Zunächst könnte die Qual der Wahl mit der Frage nach einer Weinempfehlung abgekürzt werden, denn der Kellner kennt das Sortiment von allen Beteiligten am besten. Damit ist auch die fachliche Kompetenz des Kellners gleich auf dem Prüfstand, und es wird offensichtlich, ob es sich um eine Fachkraft, einen Azubi oder eine angelernte Kraft handelt. Kellner lieben den fachlichen Dialog mit ihren Gästen, dürfen ihn aber nie beginnen - aus konservativen Gründen. Äußerungen hinsichtlich Geschmacksvorlieben helfen bei der Wahl der Empfehlungen, können aber andererseits hindernd wirken. Natürlich wirft frau trotzdem einen Blick in die Weinkarte, schließlich will sie wissen, was so geführt wird. Die Flasche sollte am Tisch geöffnet werden, denn Wirte sind Schlitzohren, die auch mal einen minderwertigen Wein in eine fremde Flasche füllen. Der Korken wird behutsam herausgezogen, damit sich der Wein nicht erschrickt angesichts der plötzlichen Sauerstoffkonfrontation. Ein guter Kellner wird zunächst am Korken riechen und ihn dann auf einem Schälchen beim Tisch belassen. Den Gesundheitscheck des Weins kann die Nase allein bewältigen: fehlerhafte Weine riechen unangenehm; zur Sicherheit kann man einen Schluck nehmen.

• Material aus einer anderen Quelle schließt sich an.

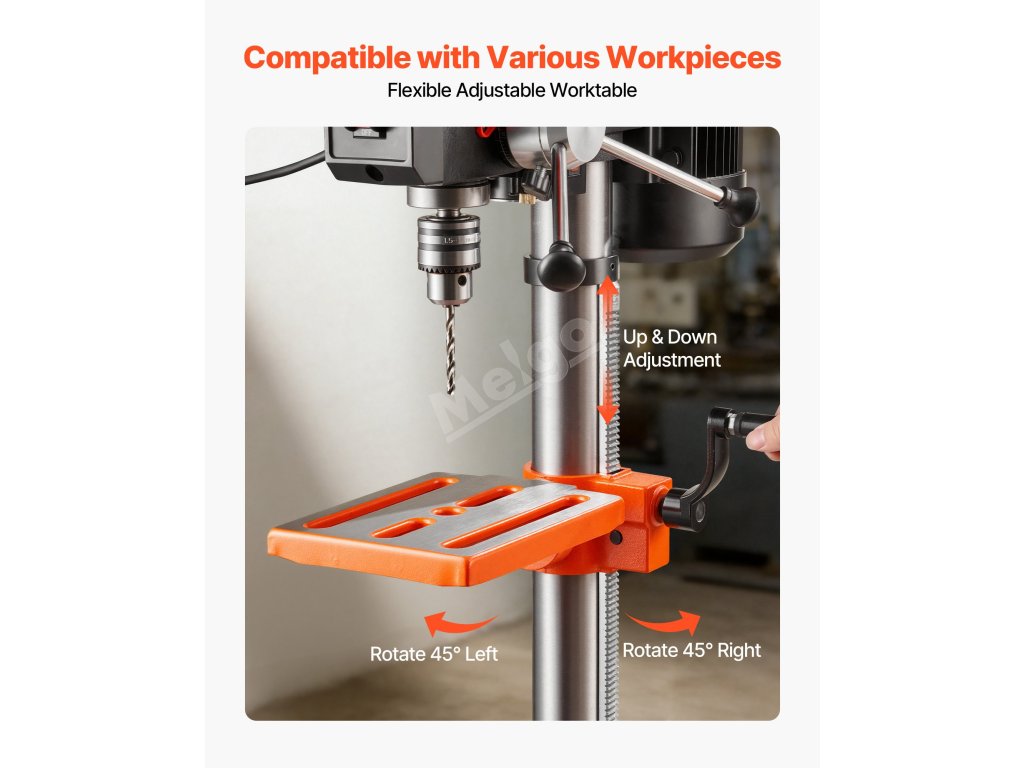 Naše stolní vrtačka je vybavena vestavěným osvětlením LED, které zajišťuje dobrou viditelnost i v pracovních prostorech se slabým osvětlením, což vám pomůže plynule pracovat a omezit počet chyb.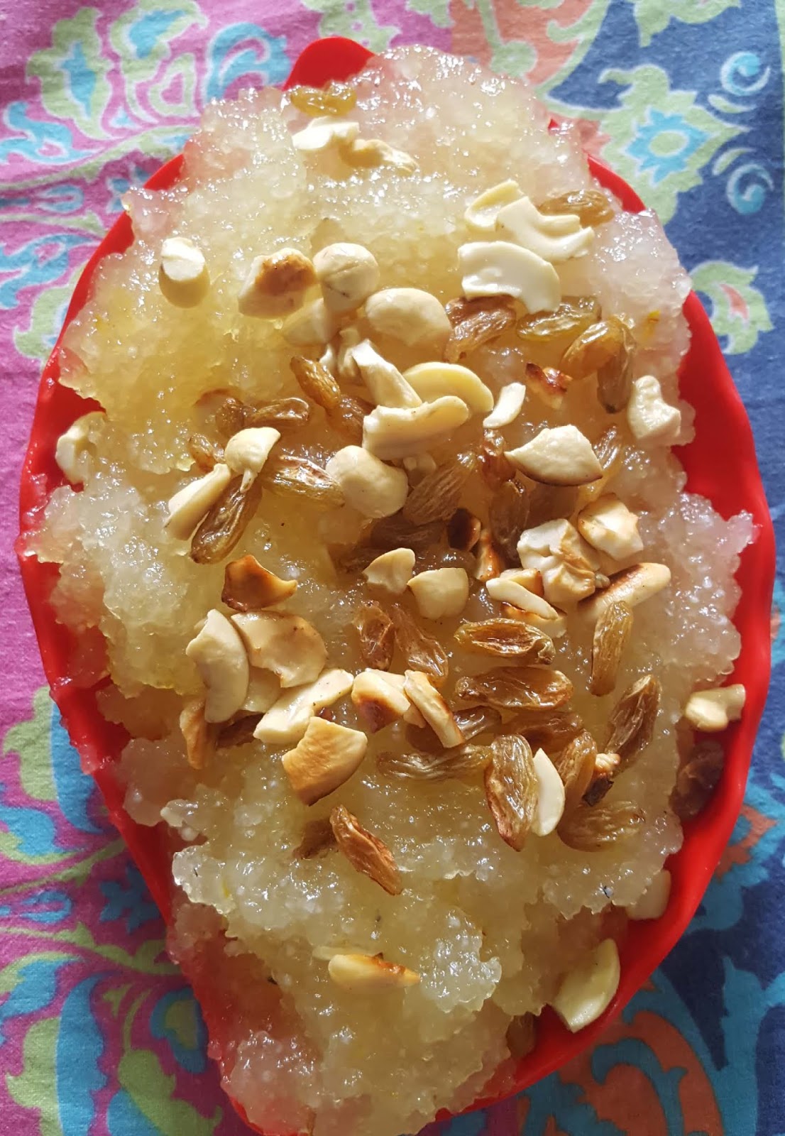 2. And add sagu powder in that till it gets cooked , then add ghee and sugar to it till all gets mixed and cooked.
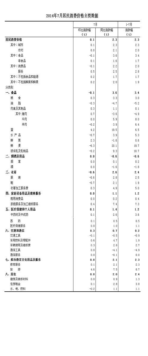 2014年7月份,全國居民消費價格總水平同比上漲2.3%。其中,城市上漲2.3%,農(nóng)村上漲2.1%;食品價格上漲3.6%,非食品價格上漲1.6%;消費品價格上漲2.2%,服務(wù)價格上漲2.5%。1-7月平均,全國居民消費價格總水平比去年同期上漲2.3%。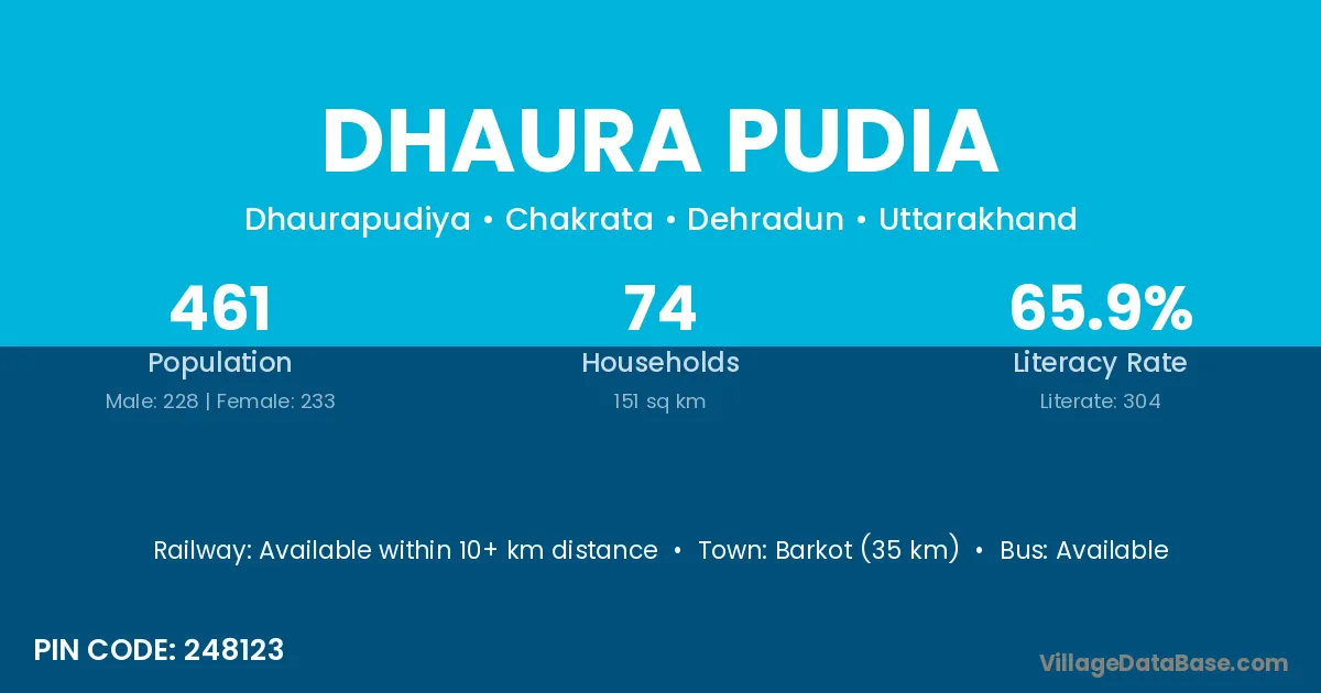 Barkot (35 km) is the nearest town to Dhaura Pudia village for major economic activities and is located approximately 35 km away.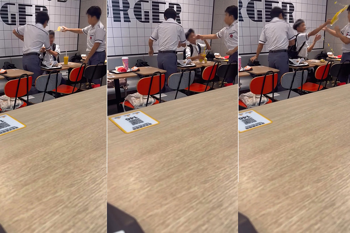 社交平台Threads今日(29日)流傳一段疑似校園欺凌的短片,引起網上廣泛討論。片段顯示,3名男學生在麥當勞分店內發生爭執,其中2人疑似聯手對另一名戴眼鏡的男學生施以掌摑及淋潑飲品。戴眼鏡男學生其後以飲品杯反擊,期間一名途人上前制止。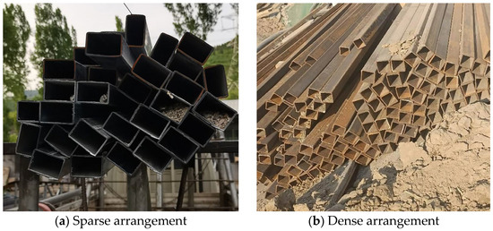 The core concept of the above image-processing-based counting methods has been to segment each bar in the image. These approaches have strict requirements in terms of the lighting conditions, material section, and background. However, images captured on construction sites often include various interference factors, such as uneven indentations, oxidation, corrosion, occlusions on bar ends, and nonuniform lighting, that make image-processing-based methods impractical. Additionally, little research has been conducted on counting square steel tubes because the human process of stacking square tubes sometimes results in random rotation, which makes image processing for them more challenging than that for rebars and pipes. Figure 2 shows the random rotation of square tubes in sparse and dense arrangement scenarios.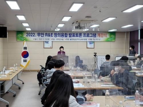 ¹«¾È, ¹«¾È R&E âÀÇÀ¶ÇÕ ¹ßÇ¥Åä·Ð ÇÁ·Î±×·¥(3±â) °³° ÃÊÀǼ±»ç½Ç¿¡¼ Çлý, Çкθð 40¿©¸íÀÌ Âü¼®ÇÑ °¡¿îµ¥ ÁøÇà
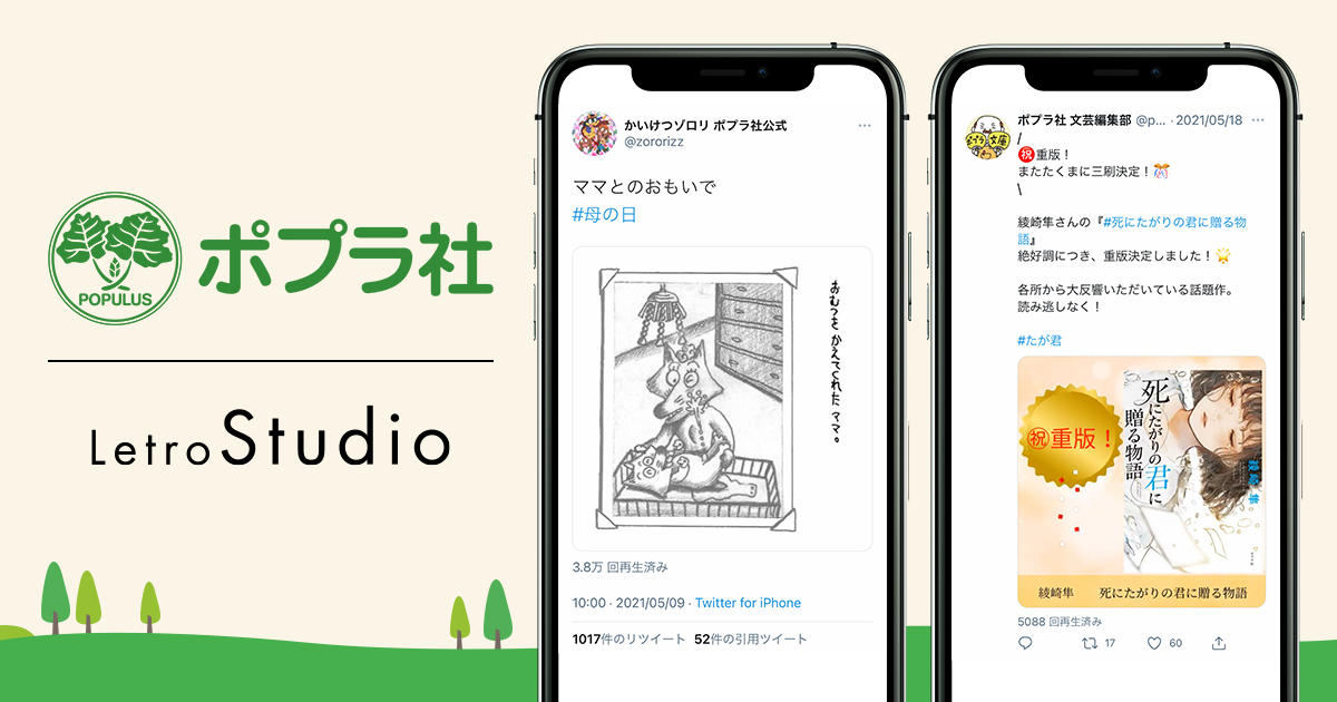 ポプラ社では、TwitterやInstagramなどSNSを活用した書籍情報の発信を強化しています。この度、公式SNSアカウントから発信される情報をより効率的にユーザーにリーチさせ、施策効果を最大化させるために、アカウントの投稿に「動画」を取り入れることを決定。自社で動画コンテンツを制作することで、動画制作に関する外注費用といった施策への投下コストを削減し、施策の投資対効果を向上させるために、LetroStudioを導入しました。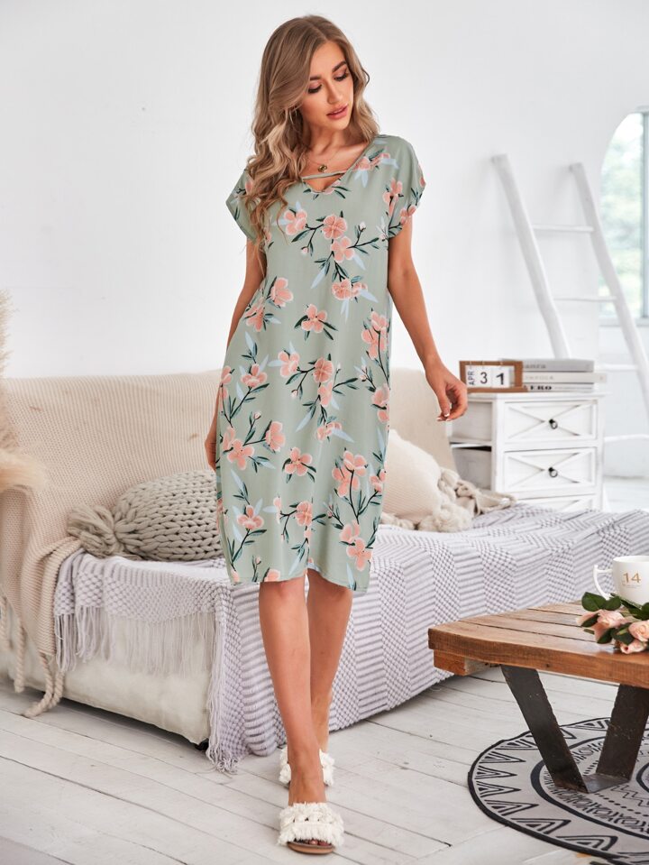 فستان نوم بياقة حرف V واكمام جناح الخفاش وطباعة زهور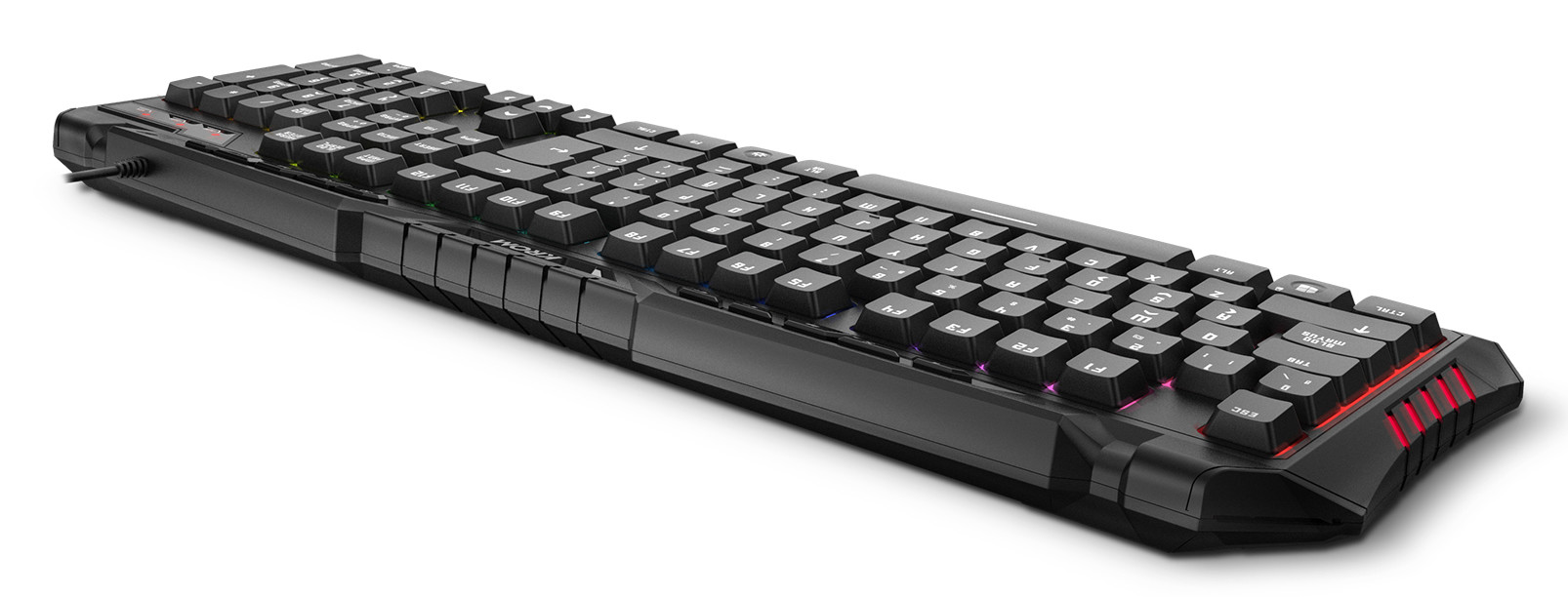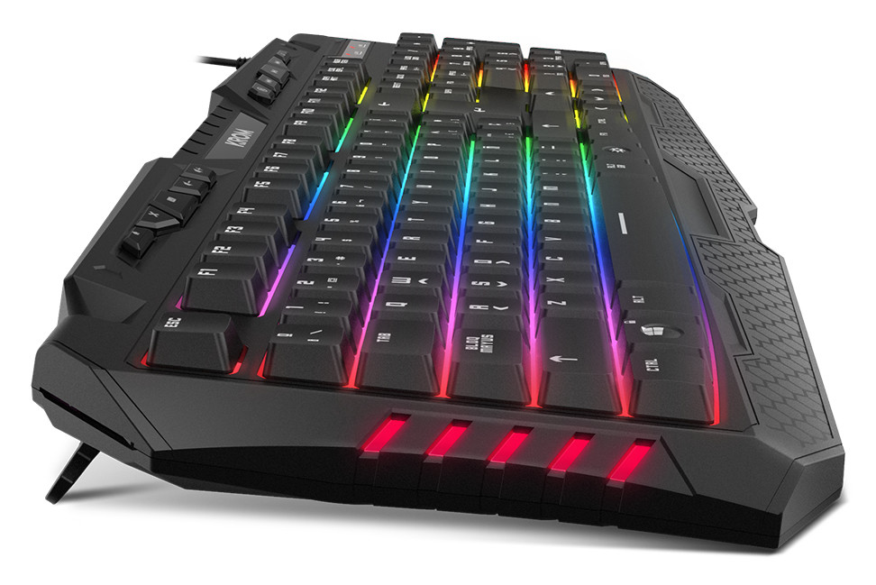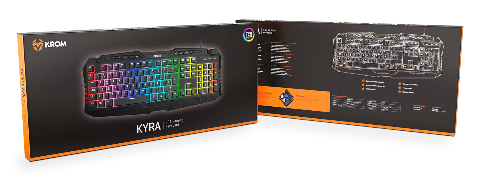 Krom Kyra. Forma do factor do teclado: Padrão. Estilo de teclado: Em frente/linha recta. Interface de dispositivo: USB, Interruptor do teclado: interruptor de membrana, Layout do teclado: QWERTY, Número de teclas do teclado: 105. Tipo de retroiluminação: LED RGB. Comprimento do cabo: 1,8 m. Cor: Preto

Wenn der Kellner sich dann entfernt hat, möge frau unbedingt am Korken riechen. Das ist nicht gerade ein Dufterlebnis, denn der benutzte Weinkorken riecht eher in Richtung muffig, aber es vermittelt ein Bild, und nach fünfzig beschnüffelten Korken geben all die kleinen Puzzleteile ein sicheres Feeling für Wein. Insbesondere sollte auch der Korken berochen werden, der zum Weinfehler führte, um den Unterschied zu kennen. Das gilt selbstverständlich nur für Naturkorken. Wenn sich in der Weinflasche Partikel befinden, ist das kein Qualitätsverlust, sondern es handelt sich um den sogenannten Weinstein, schwer lösliche Salze der Weinsäure, die sich an Kork oder auf dem Boden absetzen. Weinstein kann beim Weinausbau chemisch oder durch Kälte vermieden werden. Er ist zwar unangenehm im Mund, ansonsten aber völlig harmlos.